DATA START

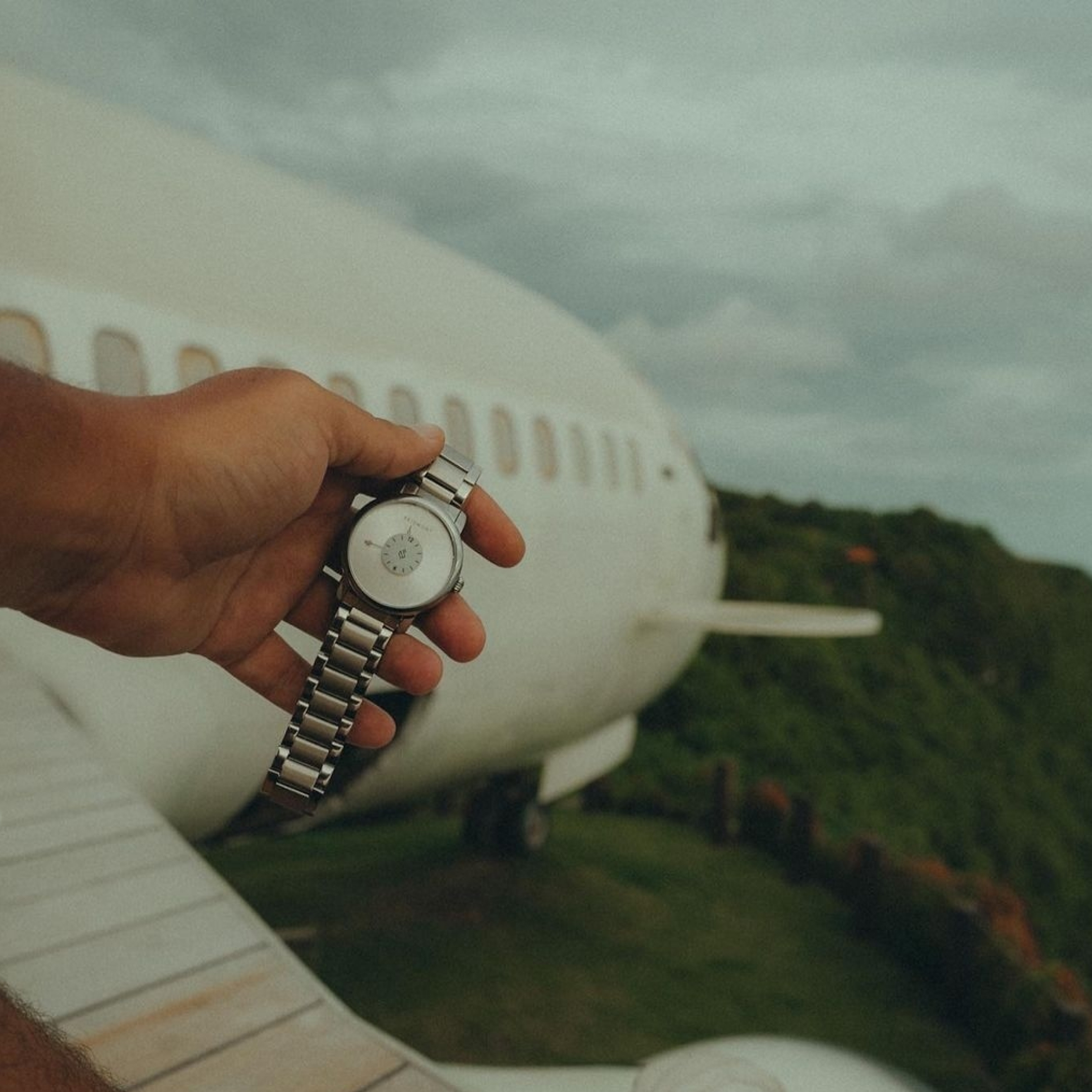 Ternion | Reloj con doble huso horario de acero inoxidable en plateado y crema
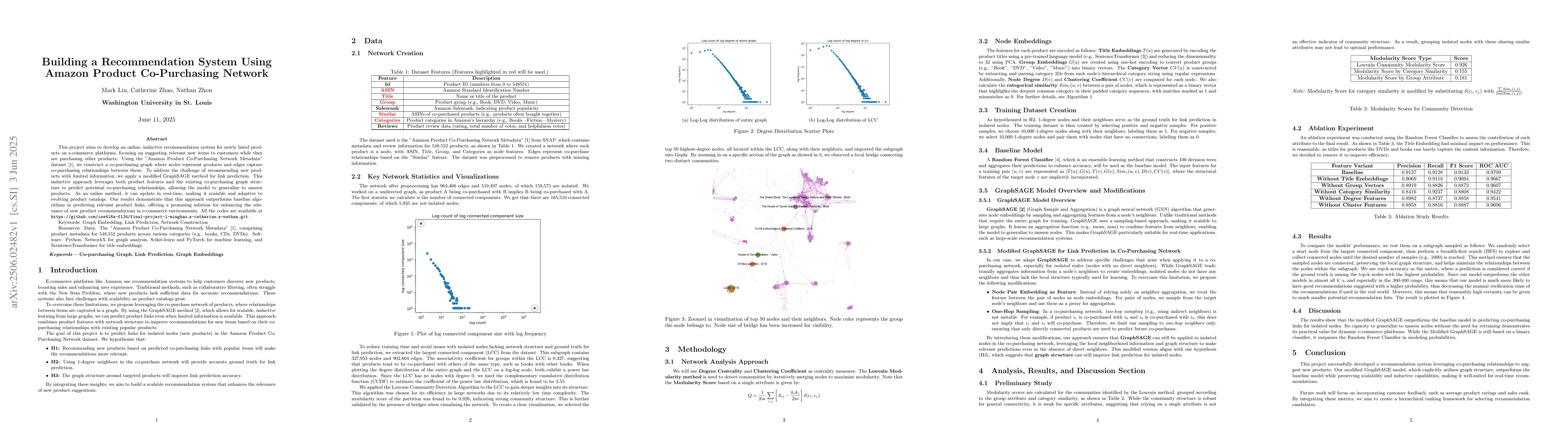 The research constructs a co-purchasing graph using Amazon Product Co-Purchasing Network Metadata, applying a modified GraphSAGE method for link prediction to recommend new products with limited information.
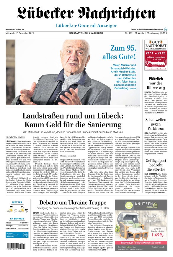 Die regionale Tageszeitung der Lübecker Nachrichten berichtet über aktuelle Neuigkeiten und Geschehnisse aus dem südöstlichen Schleswig-Holstein und dem westlichen Mecklenburg-Vorpommern. Weiterlesen...
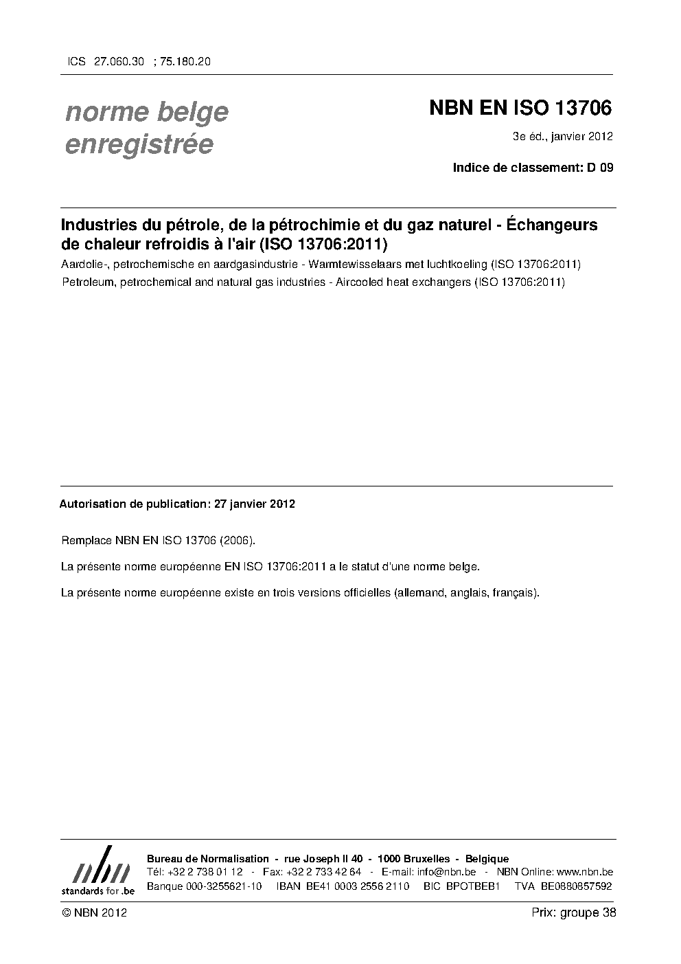 | Publisher | Bureau de Normalisation Belge (NBN) |
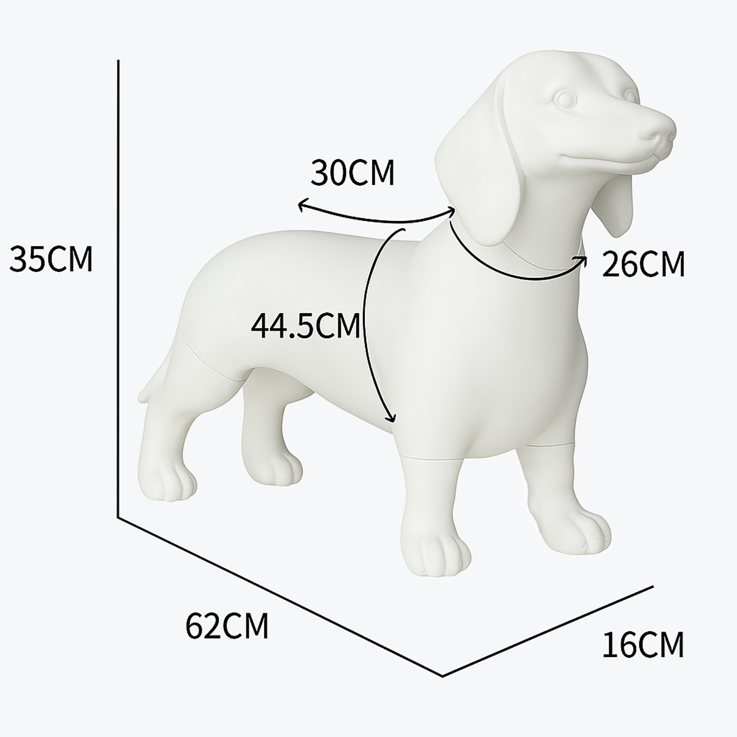 Machen Sie Ihre Hundemode zum Highlight! Mit dieser eleganten Schaufensterfigur in Dackelform setzen Sie Hundebekleidung und Accessoires gekonnt in Szene. Die Figur eignet sich perfekt für Tierbedarfsläden, Zoofachgeschäfte, Sportgeschäfte, Kaufhäuser und Messen und bietet einen charmanten, realitätsnahen Eindruck.
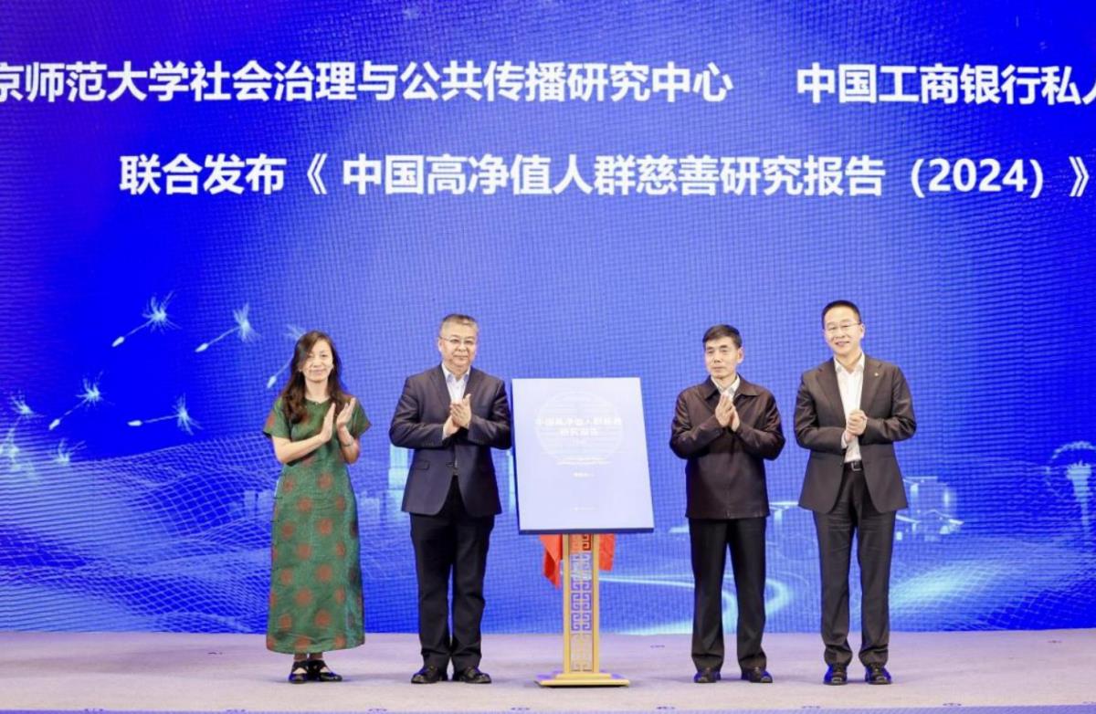 北京师范大学社会治理与公共传播研究中心及中国工商银行 私人银行部联合发布了《中国高净值人群慈善研究报告(2024)》。中央统战部光彩事业指导中心原主任余敏安,北京师范大学社会治理与公共传播研究中心主任傅昌波,中国工商银行私人银行部总经理李宝权,北京师范大学教育基金会副理事长兼秘书长李胜兰共同为新书揭幕。北京师范大学社会治理与公共传播研究中心研究部主任魏璞祯介绍了报告内容。

DATA END

=== EXERCISE PROMPT ===
Nothing but the lines from the line containing "Belge (NBN) |" through the last line of the records above should be written out, exactly and without the pictures.

=== RESULT ===
 | Publisher | Bureau de Normalisation Belge (NBN) |
 Machen Sie Ihre Hundemode zum Highlight! Mit dieser eleganten Schaufensterfigur in Dackelform setzen Sie Hundebekleidung und Accessoires gekonnt in Szene. Die Figur eignet sich perfekt für Tierbedarfsläden, Zoofachgeschäfte, Sportgeschäfte, Kaufhäuser und Messen und bietet einen charmanten, realitätsnahen Eindruck.
 北京师范大学社会治理与公共传播研究中心及中国工商银行 私人银行部联合发布了《中国高净值人群慈善研究报告(2024)》。中央统战部光彩事业指导中心原主任余敏安,北京师范大学社会治理与公共传播研究中心主任傅昌波,中国工商银行私人银行部总经理李宝权,北京师范大学教育基金会副理事长兼秘书长李胜兰共同为新书揭幕。北京师范大学社会治理与公共传播研究中心研究部主任魏璞祯介绍了报告内容。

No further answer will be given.